§ **Data section**

↓

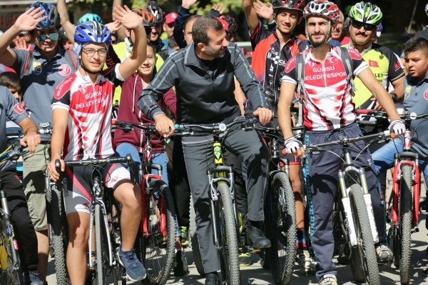 Gürsu Belediyesi önünde toplanan genç bisiklet tutkunları, Gürsu Belediye Başkanı Mustafa Işık ve Gürsu Gençlik Hizmetleri ve Spor İlçe Müdürü Halim Tuğluoğlu’nun da katıldığı bisiklet turu kapsamında, Gürsu’nun doğal güzelliklerinin tadını çıkardı.
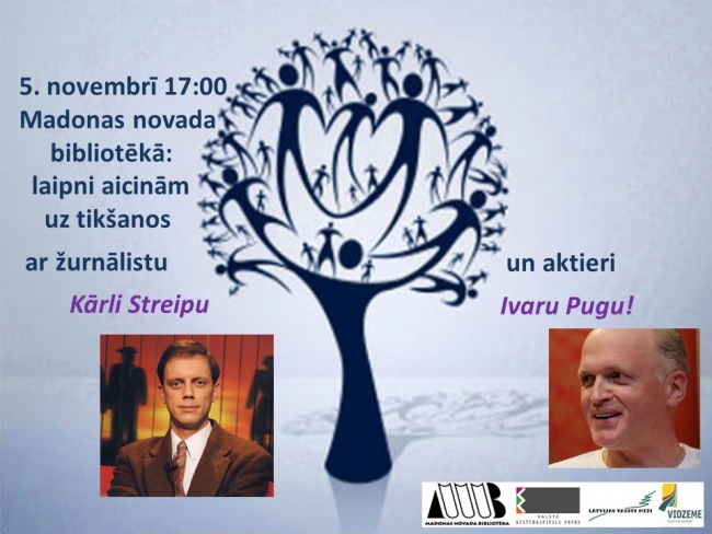 Aicinām jūs uz trešo sarunu vakaru, īstenojot Madonas novada bibliotēkas projektu „Sarunu vakari Madonas novada bibliotēkā: Mēs tiekamies piektajā piecos” - atbalsts gūts projektu konkursā, kuru izsludināja un administrēja Vidzemes plānošanas reģiona „Latvijas valsts mežu” atbalstītā Vidzemes kultūras programma 2015”. Šoreiz pie mums viesos būs Latvijas Nacionālā teātra aktieris Ivars Puga un Latvijas Radio un TV žurnālists Kārlis Streips. Arī piecdesmitpiecgadnieki, dažādu nozaru pārstāvji, kas dzīvo vienā laikā, ir spējuši kļūt atpazīstami, savus 55 gadus ir radoši piepildījuši un turpina strādāt. Katra stāsts ir unikāls. tādēļ ir vērts par to runāt. Mans laiks + mans stāsts + mana pieredze = kultūrvēsture.
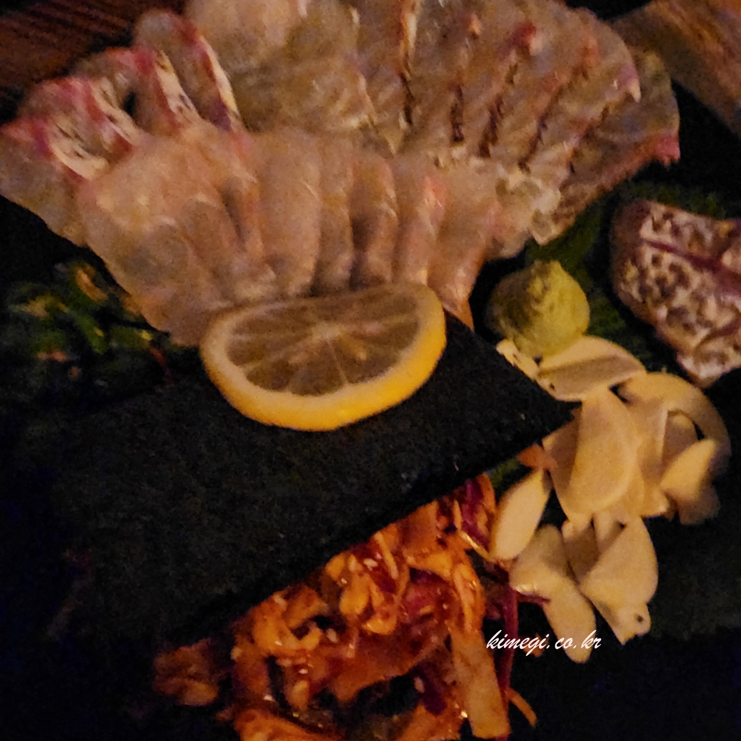 사진은 못찍었지만 활어가 있는 수족관도 있었어요. 신선한 회를 바로 떠서 먹을 수 있는 횟집이에요. 실내가 엄청 크진 않았지만 구석구석 자리가 잘 만들어져 있어서 10 테이블은 되는 것 같았어요.
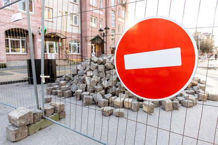 Heap of cobblestones piled up in a pile. Road surface in the historic center of Rome in Italy under renovation.

↑

§ **The problem**
Write out, please, the lines of the listing above from the one with "사진은 못찍었지만 활어가" through the very last, exactly as given and with no pictures.

§ **Finished exercise**
 사진은 못찍었지만 활어가 있는 수족관도 있었어요. 신선한 회를 바로 떠서 먹을 수 있는 횟집이에요. 실내가 엄청 크진 않았지만 구석구석 자리가 잘 만들어져 있어서 10 테이블은 되는 것 같았어요.
 Heap of cobblestones piled up in a pile. Road surface in the historic center of Rome in Italy under renovation.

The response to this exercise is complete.